My daughter was 2 1/2 when my son was born. The entire pregnancy we talked about how her baby brother was growing in my belly just like she did. When he was born, we showed her my scar (had a c-section) and explained to her that they took her baby brother from mommies tummy. When we came home, each day, no matter what, I set time aside just for her - even if it was just 10 minutes to read a book, she got alone time with mommy. We also constantly remind her how she used to be this little and got even more attention than her brother cause we didn't have to share our attention with anyone else. I also encourage her to help with him. Whether it's bringing me a diaper or playing with him with one of his toys when he is fussy and I am busy cooking or such, she loves to help. He is now 5 months old and she will be 3 in a month and they are amazing together. She talks and sings to him all the time. She loves to play patty cake with him and insists that we read his book (Goodnight Moon) together each night before bed. I honestly think our constant dialog with her and having her help with the baby helped her adjust well to him being part of the family.

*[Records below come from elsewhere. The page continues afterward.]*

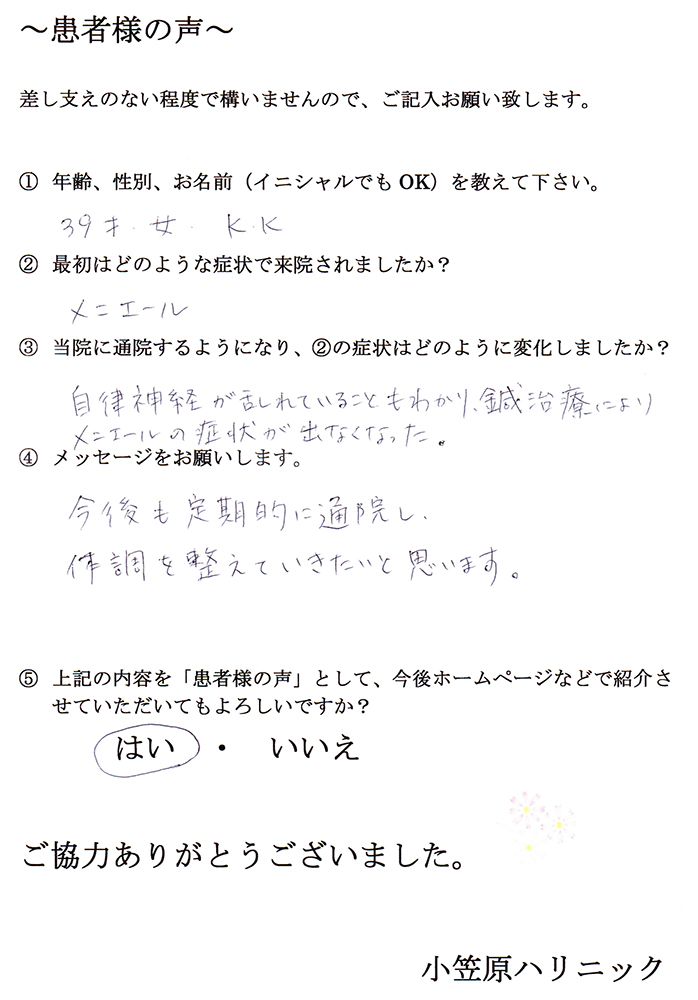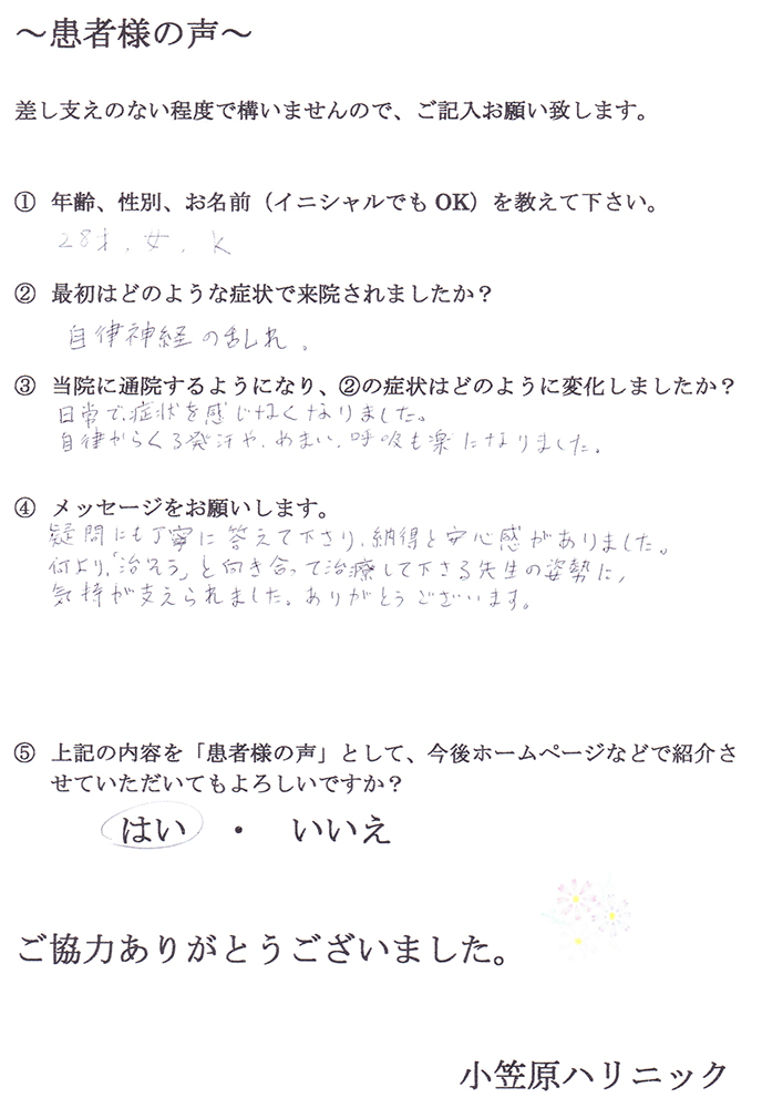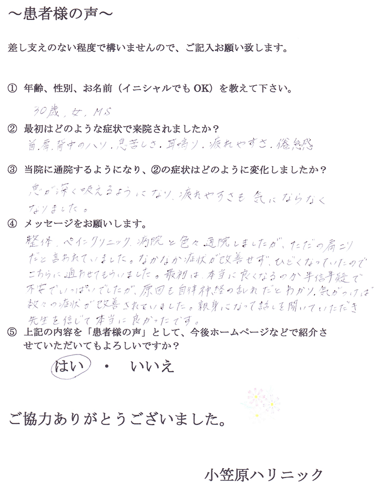 体調が良くなってくると、自身もできて、いろんな事に前向きになってきました。先生には施術の他にも生活においてのアドバイスをいただいたり、やさしく話を聞いてくださったり親身になって治療してくださり。本当にありがとうございました。小笠原ハリニックを紹介してくれた友人にも感謝です!心と体はつながっているんですね。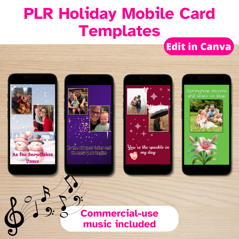 Get this done-for-you set of Holiday Mobile Card Templates—each with a 30-second video and commercial-use music included. Perfect for seasonal promotions, client gifts, or ready-to-sell digital products!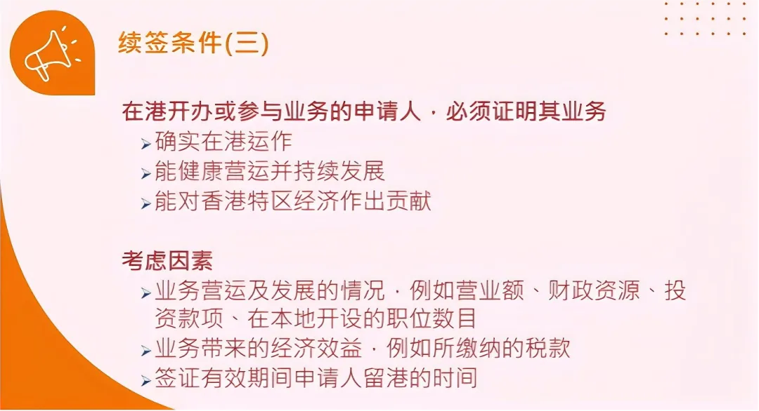 申请人须证明业务确实在港运作、健康营运并持续发展,能对香港经济作出贡献,审批考虑业务营运及发展情况、财政资源、本地职位数目、经济效益及留港时限等。
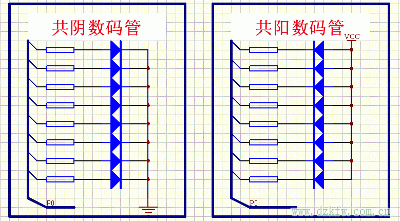 从我们板子的电路图上能看出来,我们所用的数码管是共阳数码管,如图所示。

Now she does still have the occasional toddler meltdown, but its not due to her brother. We have been going through a struggle of her not listening to Mommy, but doing everything Daddy says. After not picking up her toys as requested for the 100th time, I finally took ALL her toys away. She would ask for them and I explained to her that she doesn't get her toys until she listens to Mommy when I ask her to do something. She went three days without her toys, but when I asked her to pick up her toys last night before bed, you can bet she picked every single toy up (I do help of course, but she was capable of making the mess, she knows how to pick it up as well).
It may take something drastic like that for it to sink in that she needs to behave. I found that if the tantrum gets so bad, it can't be controlled, the best thing to do is put them in a safe spot (crib, bed, strapped in her carseat if your out) and ignore the tantrum. She will eventually calm down and realize that she gets ignored when she throws a tantrum.